Jinetes del mundo incógnito – Alexander Abramov, Serguei Abramov

—¿La realizó el ateo? —inquirí sonriendo. Ella suspiró:

—Todo es realizado por la clarividencia de Dios.

—¿Y las «nubes» rosadas?

—En las sagradas encíclicas se señala que fueron creadas por seres humanos. La creación de nuestros hermanos del Universo ha sido realizada a imagen y semejanza de Dios.

Pensé que las sagradas escrituras habían cedido ante un mal peor, al darle preferencia a la hipótesis antropocéntrica. Para el mundo cristiano, ésta era la única salida. Pero, ¿y para la ciencia? ¿Qué hipótesis fue apoyada por el Congreso? ¿Y por qué hasta ahora no me he enterado de nada?

—¿Es ésta una clínica o una cárcel? —inquirí furioso—. ¿Por qué me torturan por medio del sueño?

—No le torturamos, le curamos. Empleamos la terapéutica del sueño.

—¿Dónde tienen los periódicos? ¿Por qué no me dejan leerlos?

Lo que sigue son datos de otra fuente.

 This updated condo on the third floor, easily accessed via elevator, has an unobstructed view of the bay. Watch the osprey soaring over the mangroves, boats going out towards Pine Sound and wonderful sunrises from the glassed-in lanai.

—La completa separación del mundo exterior es también parte del tratamiento. Cuando éste termine, usted recibirá todo lo que desee.

—Pero, ¿cuándo terminará el tratamiento?

—Tan pronto como se encuentre bien.

—Sí, pero, ¿cuándo…?

—Pregúntele al profesor.

Me sonreí interiormente: no me resistió. Decidí entonces realizar un ataque por los flancos:

—Estoy mucho mejor, ¿verdad?

—Sí.

—¿Por qué no recibo visitas, pues? ¿O es que todos me olvidaron?

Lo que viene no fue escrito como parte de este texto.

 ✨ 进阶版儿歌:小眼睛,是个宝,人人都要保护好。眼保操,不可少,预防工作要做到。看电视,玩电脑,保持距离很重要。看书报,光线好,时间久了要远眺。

Había que ser monja para poder sostener el ataque de un paciente como éste. La hermana Teresa, a excepción de aquel día en que se subió de tono, se mantuvo todo el tiempo firme. Hasta algo semejante a una sonrisa se dibujó en sus labios imperturbables y dijo:

—Hoy es día de visita. Empezará dentro de… —miró el reloj de pulsera, cuya fulguración yo había visto muchas veces durante mis despertares— …diez minutos.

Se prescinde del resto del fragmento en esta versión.